*Exercise directions:* Below is a listing; retype exactly the lines between the one containing "陶敛口耳瓶 桐乡罗家角遗址" and the one containing "張地：スタンダード ¥38,000- (税抜)", inclusive, minus the pictures.

*Dataset entries:*
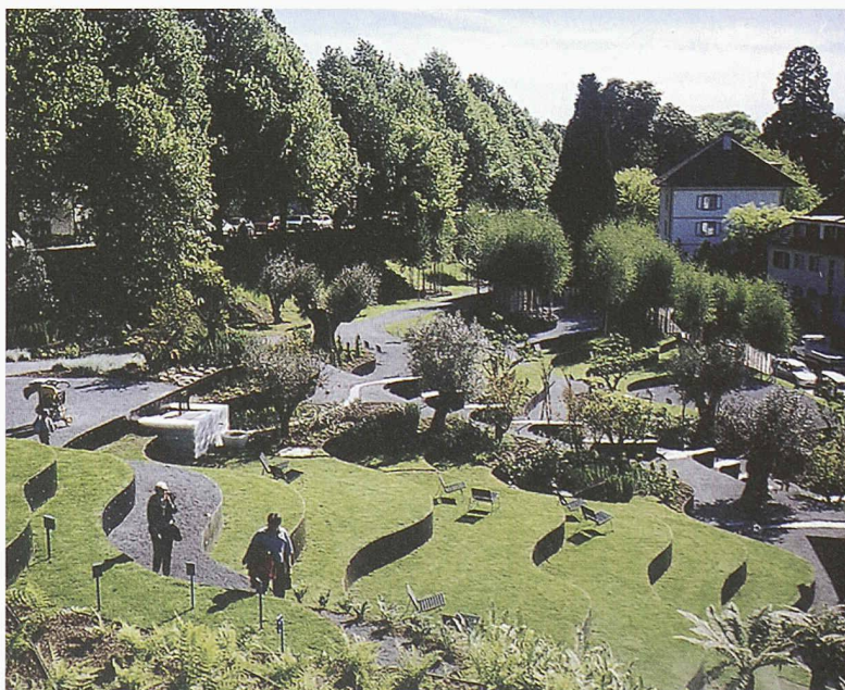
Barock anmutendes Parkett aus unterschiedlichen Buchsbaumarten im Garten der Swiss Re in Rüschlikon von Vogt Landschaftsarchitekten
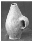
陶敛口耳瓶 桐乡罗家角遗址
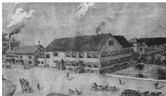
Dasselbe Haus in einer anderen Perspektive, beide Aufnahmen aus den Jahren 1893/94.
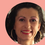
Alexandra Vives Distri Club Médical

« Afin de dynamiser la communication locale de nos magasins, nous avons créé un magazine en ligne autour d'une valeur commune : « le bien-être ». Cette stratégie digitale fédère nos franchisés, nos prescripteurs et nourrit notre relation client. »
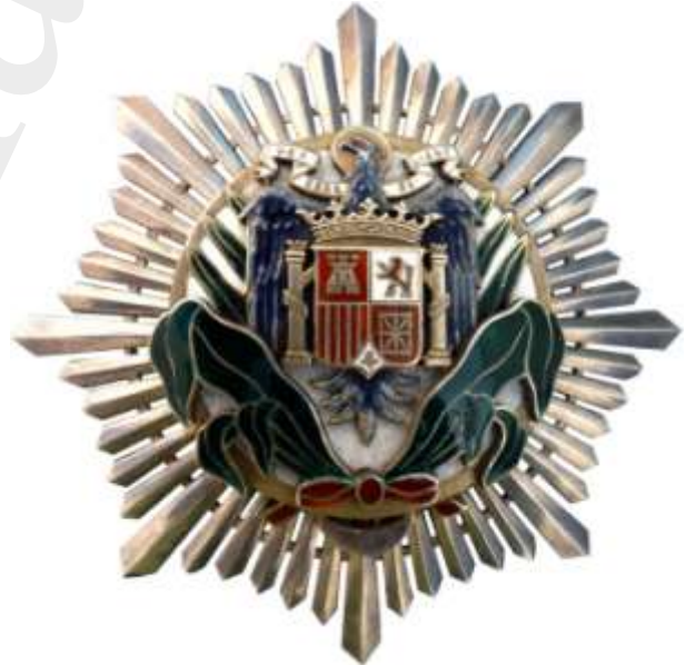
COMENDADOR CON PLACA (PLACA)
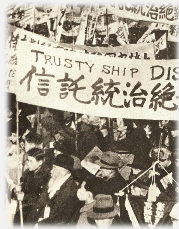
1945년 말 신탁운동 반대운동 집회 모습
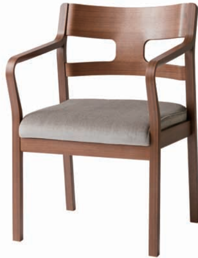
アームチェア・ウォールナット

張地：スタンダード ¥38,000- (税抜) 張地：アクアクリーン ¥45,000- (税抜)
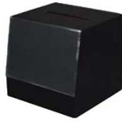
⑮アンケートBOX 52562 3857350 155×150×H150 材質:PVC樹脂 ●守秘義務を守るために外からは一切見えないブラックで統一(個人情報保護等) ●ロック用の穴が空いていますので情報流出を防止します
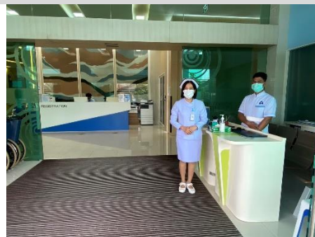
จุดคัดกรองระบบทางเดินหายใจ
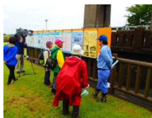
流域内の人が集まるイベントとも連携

* * *

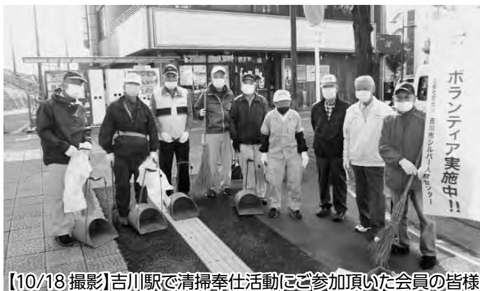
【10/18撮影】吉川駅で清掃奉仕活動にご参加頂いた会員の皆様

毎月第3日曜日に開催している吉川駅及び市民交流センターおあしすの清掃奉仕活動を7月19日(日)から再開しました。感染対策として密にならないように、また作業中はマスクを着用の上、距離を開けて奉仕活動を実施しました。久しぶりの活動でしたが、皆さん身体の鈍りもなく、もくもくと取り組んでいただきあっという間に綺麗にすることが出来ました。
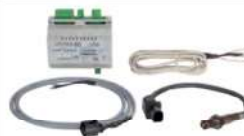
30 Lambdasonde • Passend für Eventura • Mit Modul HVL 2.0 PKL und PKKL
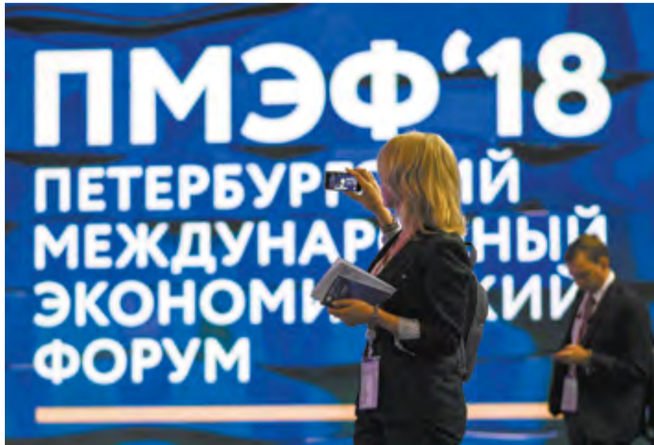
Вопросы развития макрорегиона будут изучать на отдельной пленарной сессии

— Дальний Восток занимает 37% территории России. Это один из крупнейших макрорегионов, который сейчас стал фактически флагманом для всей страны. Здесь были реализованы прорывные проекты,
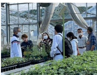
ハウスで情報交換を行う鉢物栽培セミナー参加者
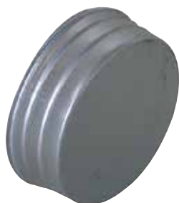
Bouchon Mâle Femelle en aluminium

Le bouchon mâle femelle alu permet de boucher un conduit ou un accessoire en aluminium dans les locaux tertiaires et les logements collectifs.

...

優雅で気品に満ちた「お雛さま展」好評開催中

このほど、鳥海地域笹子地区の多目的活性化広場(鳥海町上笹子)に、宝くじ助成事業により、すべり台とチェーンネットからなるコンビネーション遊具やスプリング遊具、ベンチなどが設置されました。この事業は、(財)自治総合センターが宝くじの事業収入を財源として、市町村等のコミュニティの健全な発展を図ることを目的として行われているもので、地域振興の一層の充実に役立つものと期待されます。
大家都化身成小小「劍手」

*Answer section:*
陶敛口耳瓶 桐乡罗家角遗址
Dasselbe Haus in einer anderen Perspektive, beide Aufnahmen aus den Jahren 1893/94.
Alexandra Vives Distri Club Médical

« Afin de dynamiser la communication locale de nos magasins, nous avons créé un magazine en ligne autour d'une valeur commune : « le bien-être ». Cette stratégie digitale fédère nos franchisés, nos prescripteurs et nourrit notre relation client. »
COMENDADOR CON PLACA (PLACA)
1945년 말 신탁운동 반대운동 집회 모습
アームチェア・ウォールナット

張地：スタンダード ¥38,000- (税抜) 張地：アクアクリーン ¥45,000- (税抜)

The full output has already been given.